A few weeks ago, a NPO (Non Profit Organization) I volunteer at set up a meeting so that the Supervisor and teachers could discuss the current curriculum for the English Class we were teaching.  The meeting was at 6:00pm….I showed up at 5:50pm and the Supervisor arrived a little after 6:00pm.  I asked the Supervisor where all the other teachers were…..she laughed and said that they were probably on “Vietnamese Time”.  One teacher showed up at 6:15pm and the 4 other teachers never came and didn’t even bother to let anyone know they weren’t coming.

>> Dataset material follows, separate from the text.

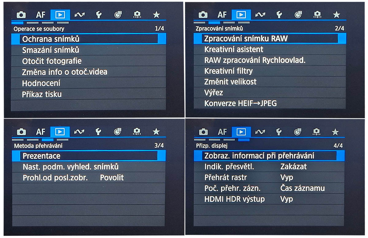 BOMBASTICKÉ MENU co do rozsáhlosti nabízených funkcí...! Optikou „Poučeného Canon PowerShot V1 s nasazenou kožešinkou proti větruModrá ČTVEŘICE podnabídek z ze skupiny přehrávání...laika“ chci vypíchnout Fičury, nevídané v amatérských mašinkách. I když jsem se snažil o „leporela“ čili sestavy VĚTŠINY nabídek STROJE naší Fotodokumentací, zmíním pár extras. V ČERVENÉ SKUPINĚ a tam v první podnabídce je odrážka Dual Pixel RAW, ve druhé pak co pátý řádek ND filtr (Vyp/Zap), což u foťáků také není běžnou funkcí (ano, zrovna kolega Canon PS-G7X MIII ji má). Třetí podnabídka obsahuje mj. položku Barev. prostor (možnosti sRGB nebo Adobe RGB) a níže je pak Snímání v HDR (PQ) a Režim HDR…

One of the most frustrating things about living in Vietnam is dealing with “Vietnamese Time.”  People here do not have the same concept of time that most of us in The States do.  “I will meet you at 5:00 pm” actually means “I might be there at 5:30 pm if I bother to show up at all.”  “Yes, I will come” translates into “Maybe I will show up, but don’t expect a call telling you that I’m not coming if you don’t hear from me.”

I’ve had the above happen to me on numerous occasions and it’s extremely irritating to say the least.  Just last Monday,  a friend called me up and invited me out to dinner.  I said “sure” since we hadn’t seen each other in awhile.  He said he was going to call me at 5:30pm to let me know where to meet up.  I waited until 6:30pm without hearing a word from him before I decided to make myself a bowl of Mi Goi (Ramen Noodles).  Pissed me off quite a bit….cause I hate Mi Goi!! 🙂

These circumstances have not only taken place with friends, my cousins have done the same thing to me on a few occasions and many business also behave the same way.   For instance, my Aunt has called for Taxis that never show up…ditto for  Xe Om, and forget repairmen….they just tell you they’ll show up sometime during a certain day….so that you’re forced to stay home all day to wait for them.  If you ran your business this way in The States you would lose all your customers pretty fast.

Vietnamese employers also seem pretty lax in disciplining employees that show up late.  I’ve had friends tell me that their work day starts at 8:00am, but if they show up at 8:30am it’s fine….or if they take a longer than usual lunch they also won’t be punished; in the U.S. you would be fired.  Your hours are especially flexible if you work for the government like my uncle.  He says he can just show up whenever he feels like working….and even then most of the time is spent to Nhau (boozing with friends).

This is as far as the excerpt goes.